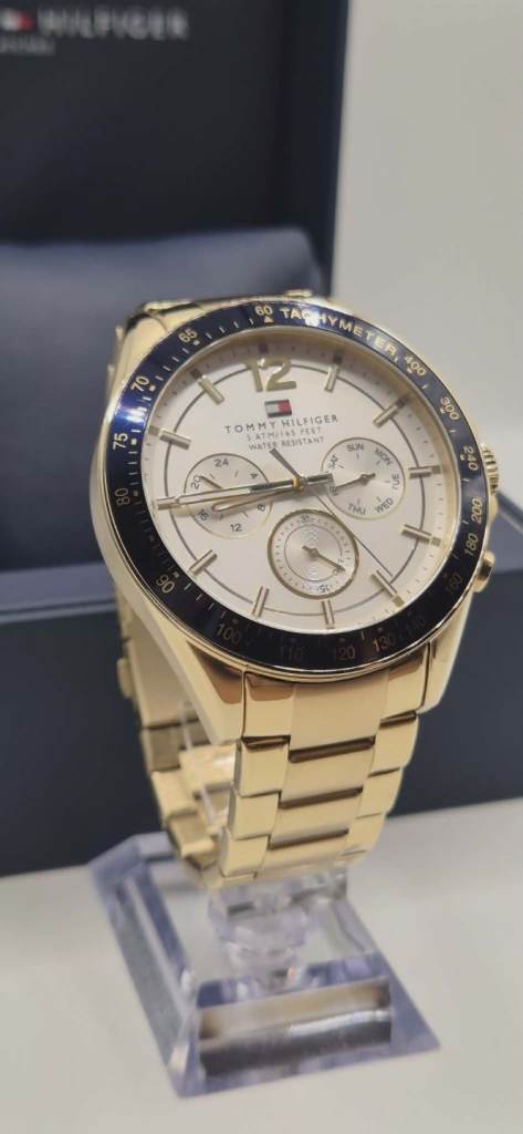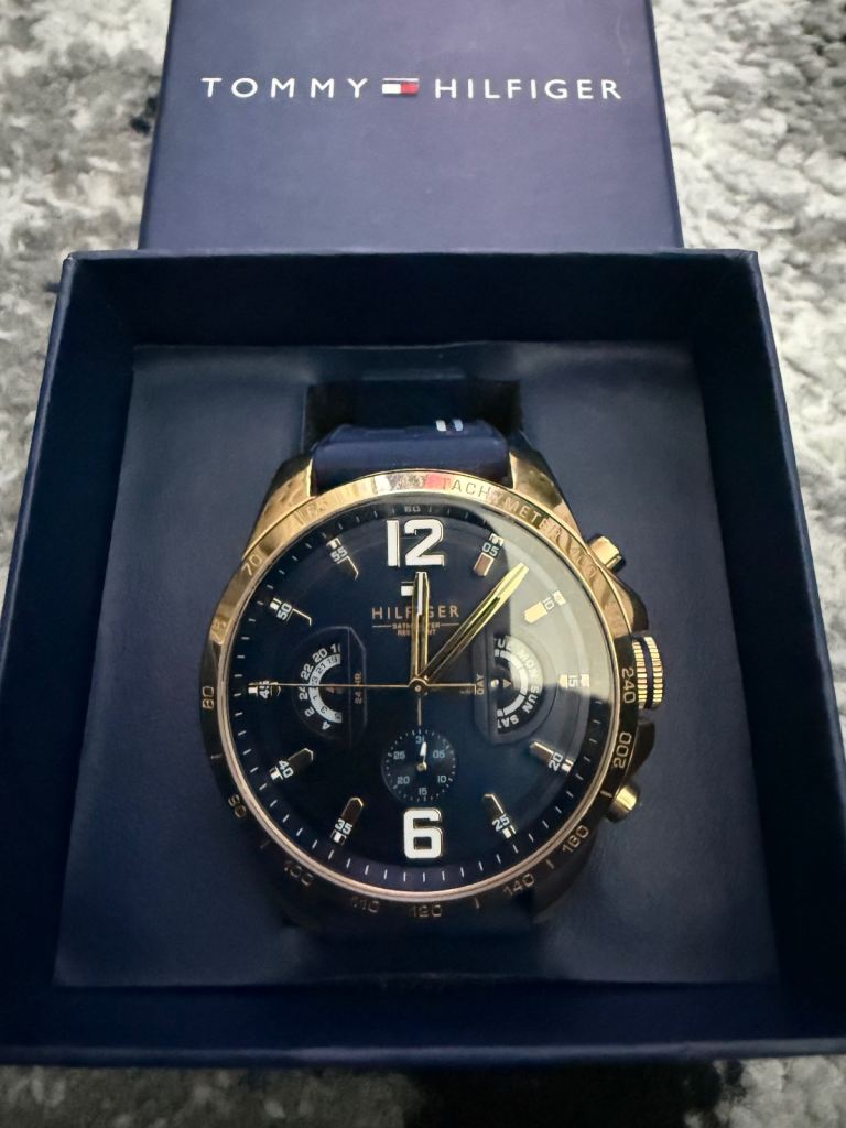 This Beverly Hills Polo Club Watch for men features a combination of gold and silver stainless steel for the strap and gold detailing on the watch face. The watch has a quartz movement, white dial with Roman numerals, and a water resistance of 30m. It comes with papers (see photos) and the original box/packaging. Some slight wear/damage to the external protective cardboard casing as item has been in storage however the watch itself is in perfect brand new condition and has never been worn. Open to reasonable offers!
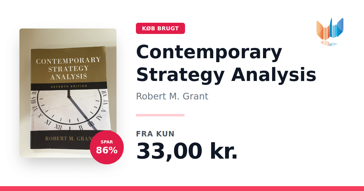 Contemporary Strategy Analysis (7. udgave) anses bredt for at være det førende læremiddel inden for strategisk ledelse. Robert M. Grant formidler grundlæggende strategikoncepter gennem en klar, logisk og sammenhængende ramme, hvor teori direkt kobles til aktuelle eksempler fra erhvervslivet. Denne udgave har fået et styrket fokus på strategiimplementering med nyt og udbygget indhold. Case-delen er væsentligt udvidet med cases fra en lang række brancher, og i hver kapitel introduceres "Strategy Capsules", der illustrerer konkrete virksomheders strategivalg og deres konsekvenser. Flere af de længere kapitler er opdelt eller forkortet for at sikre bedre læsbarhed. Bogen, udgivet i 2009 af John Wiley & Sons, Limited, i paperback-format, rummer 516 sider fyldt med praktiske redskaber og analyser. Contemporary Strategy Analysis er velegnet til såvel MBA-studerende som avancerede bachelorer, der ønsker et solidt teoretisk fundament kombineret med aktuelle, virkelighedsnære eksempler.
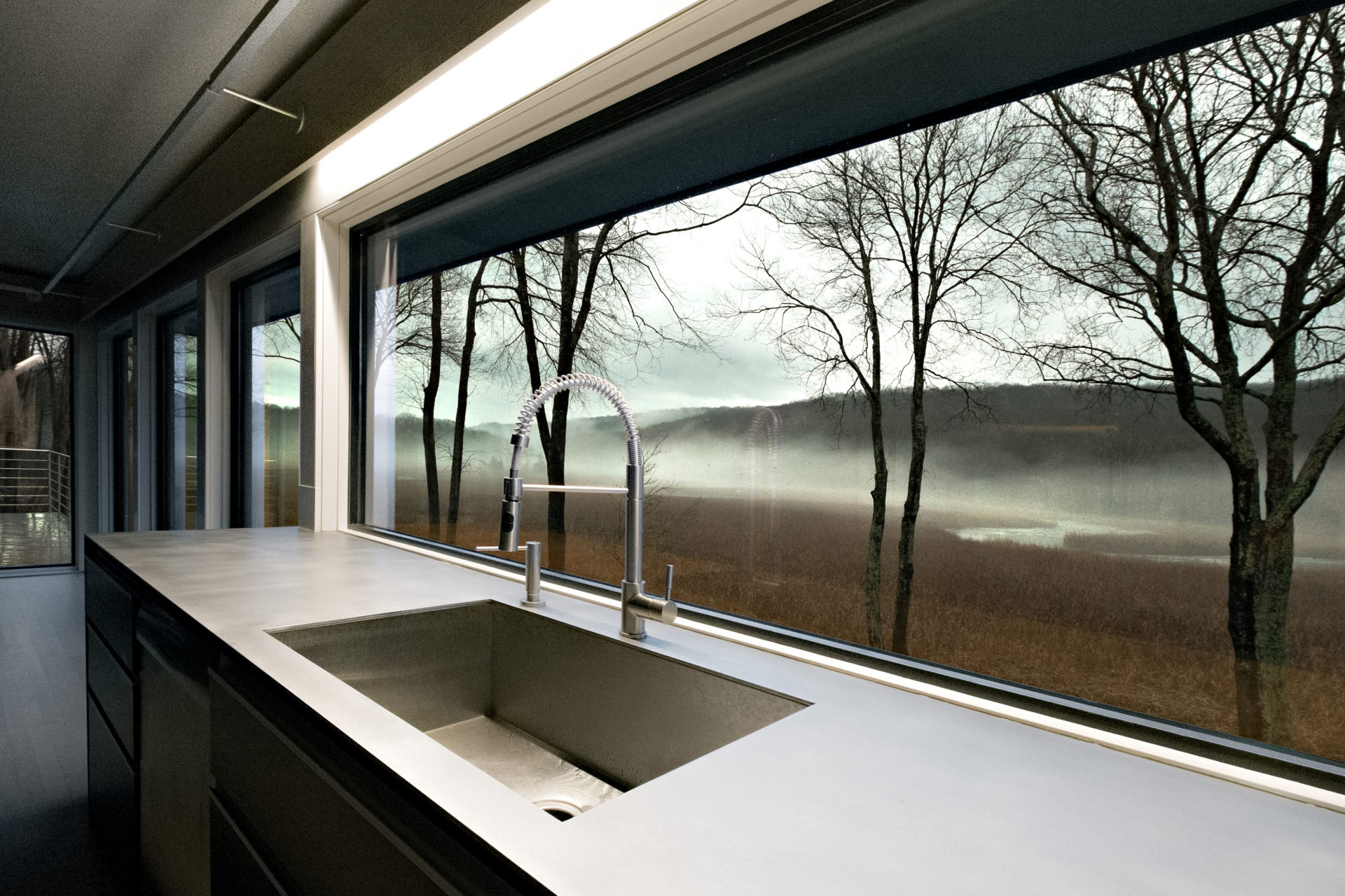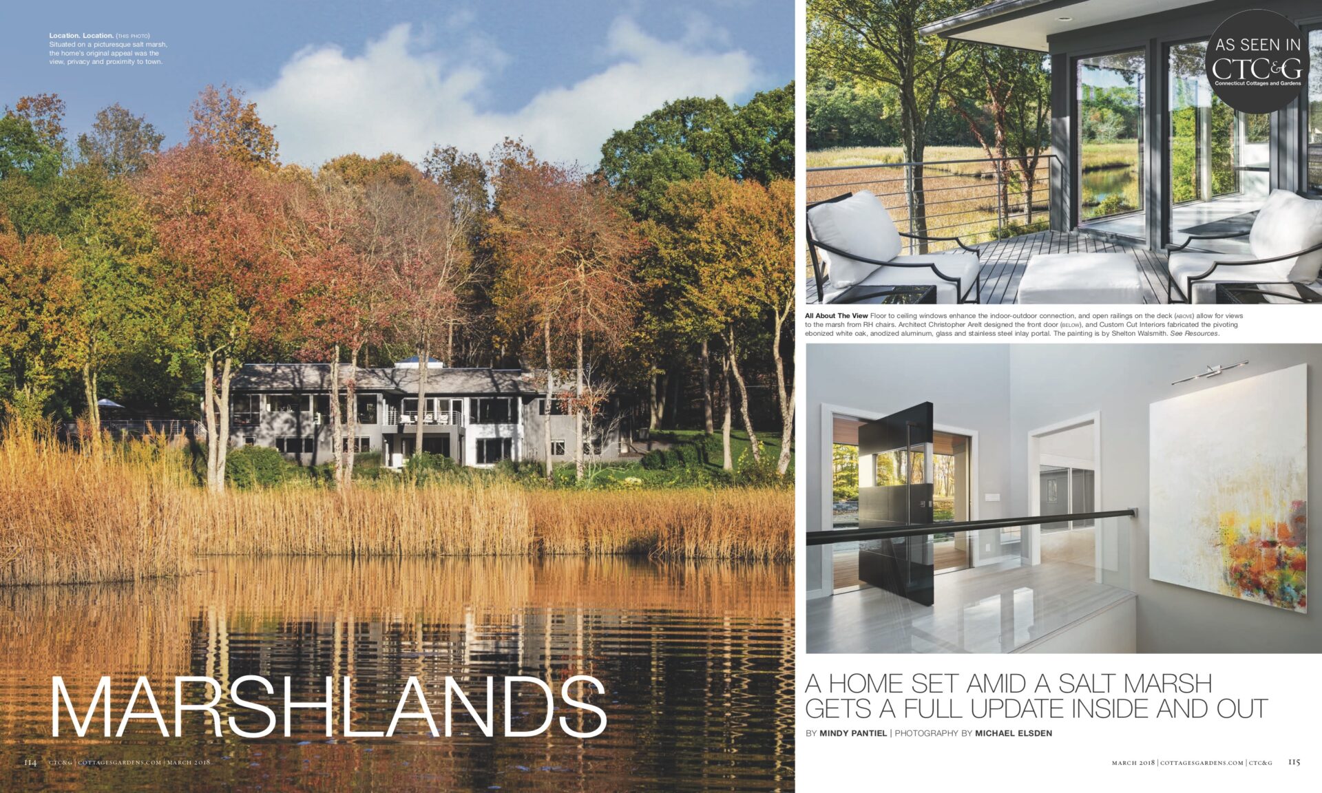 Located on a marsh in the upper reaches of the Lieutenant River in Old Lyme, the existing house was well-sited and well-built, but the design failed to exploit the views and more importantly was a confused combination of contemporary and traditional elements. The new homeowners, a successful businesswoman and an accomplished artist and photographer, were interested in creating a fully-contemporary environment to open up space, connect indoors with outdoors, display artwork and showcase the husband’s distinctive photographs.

* * *

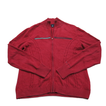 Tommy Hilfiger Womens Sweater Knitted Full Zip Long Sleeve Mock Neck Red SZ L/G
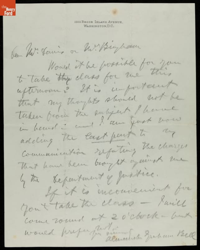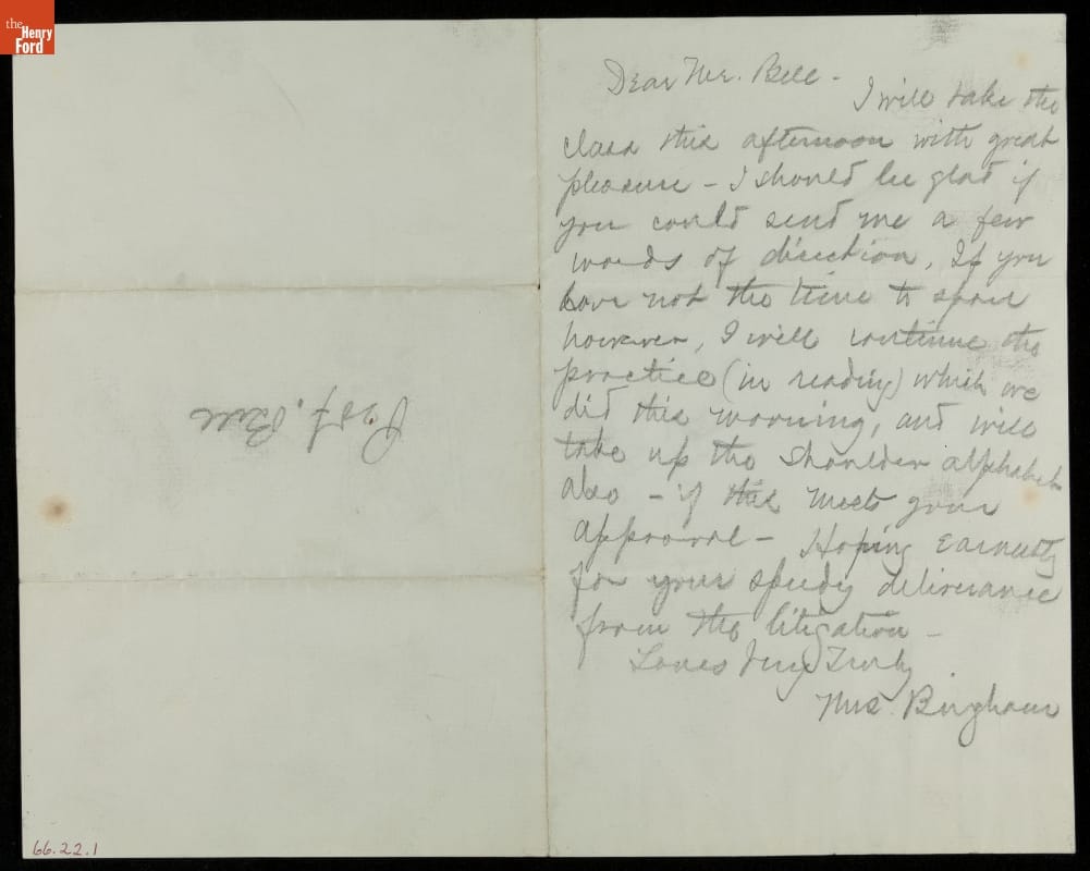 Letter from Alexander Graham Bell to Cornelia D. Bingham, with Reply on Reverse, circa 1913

...

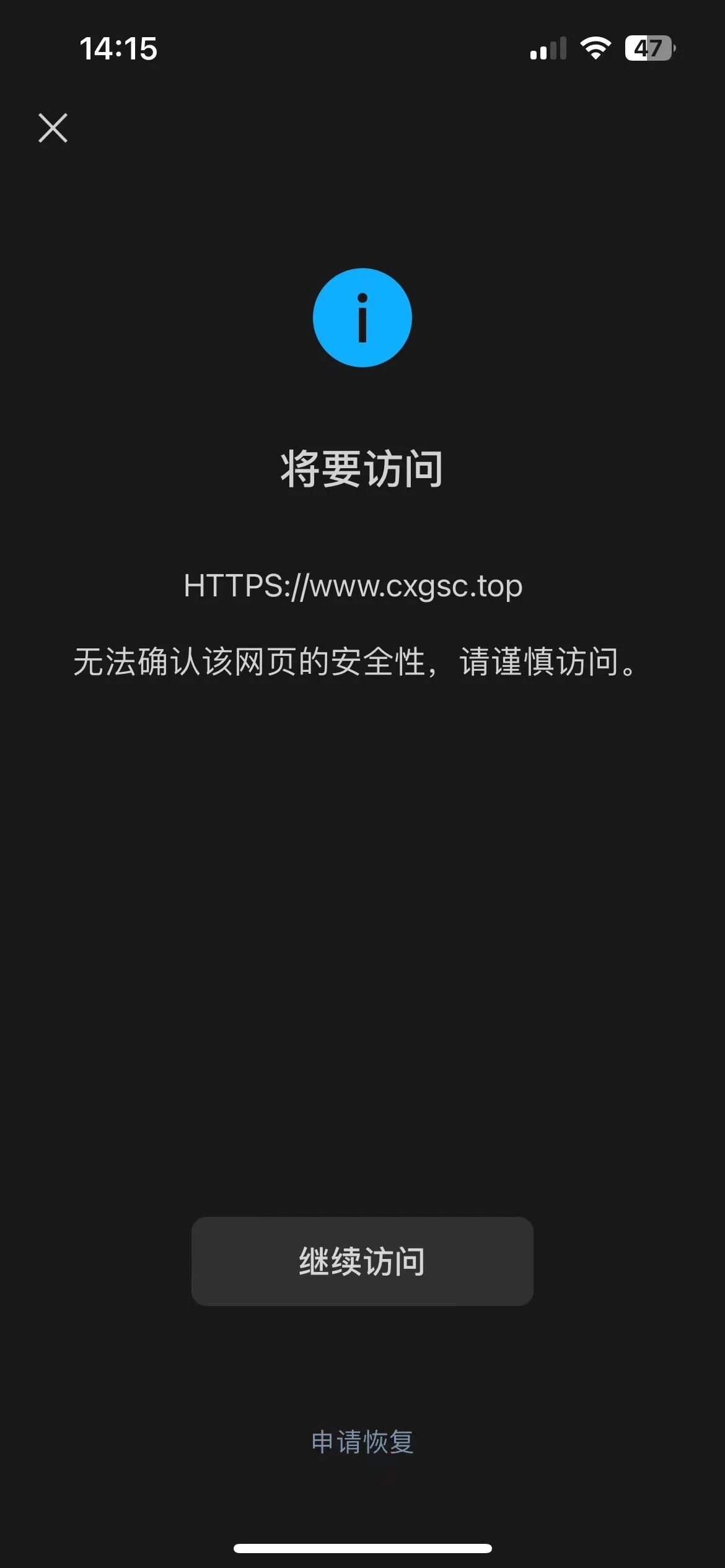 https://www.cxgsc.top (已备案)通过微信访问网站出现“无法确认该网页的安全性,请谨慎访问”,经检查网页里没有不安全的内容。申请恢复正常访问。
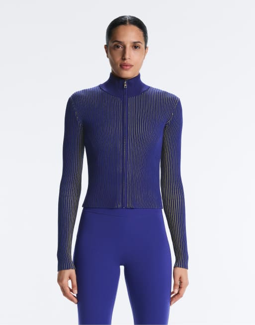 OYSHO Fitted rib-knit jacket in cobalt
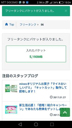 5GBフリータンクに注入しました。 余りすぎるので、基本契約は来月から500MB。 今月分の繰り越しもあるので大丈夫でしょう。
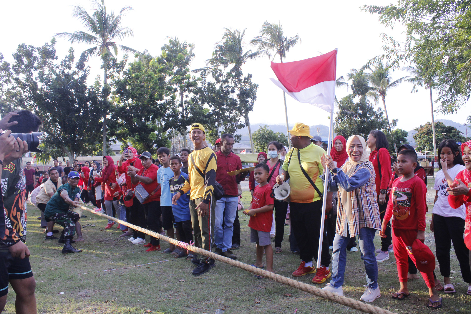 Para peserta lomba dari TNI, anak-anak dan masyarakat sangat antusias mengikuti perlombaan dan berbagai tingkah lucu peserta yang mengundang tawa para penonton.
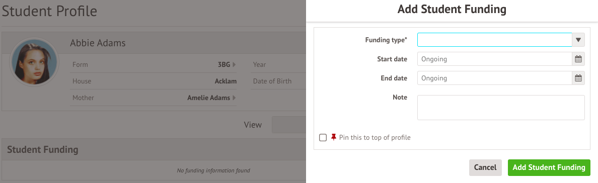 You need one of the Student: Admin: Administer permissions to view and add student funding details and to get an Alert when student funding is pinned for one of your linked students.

> [ACTIVITY]: Above are some records; quote exactly and only the lines that begin at the line containing "5GBフリータンクに注入しました。 余りすぎるので、基本契約は来月から500MB。 今月分の繰り越しもあるので大丈夫でしょう。" and stop after the line containing "You need one", leaving out the pictures.

> [OUTPUT OF THE TASK]:
 5GBフリータンクに注入しました。 余りすぎるので、基本契約は来月から500MB。 今月分の繰り越しもあるので大丈夫でしょう。
 Para peserta lomba dari TNI, anak-anak dan masyarakat sangat antusias mengikuti perlombaan dan berbagai tingkah lucu peserta yang mengundang tawa para penonton.
 You need one of the Student: Admin: Administer permissions to view and add student funding details and to get an Alert when student funding is pinned for one of your linked students.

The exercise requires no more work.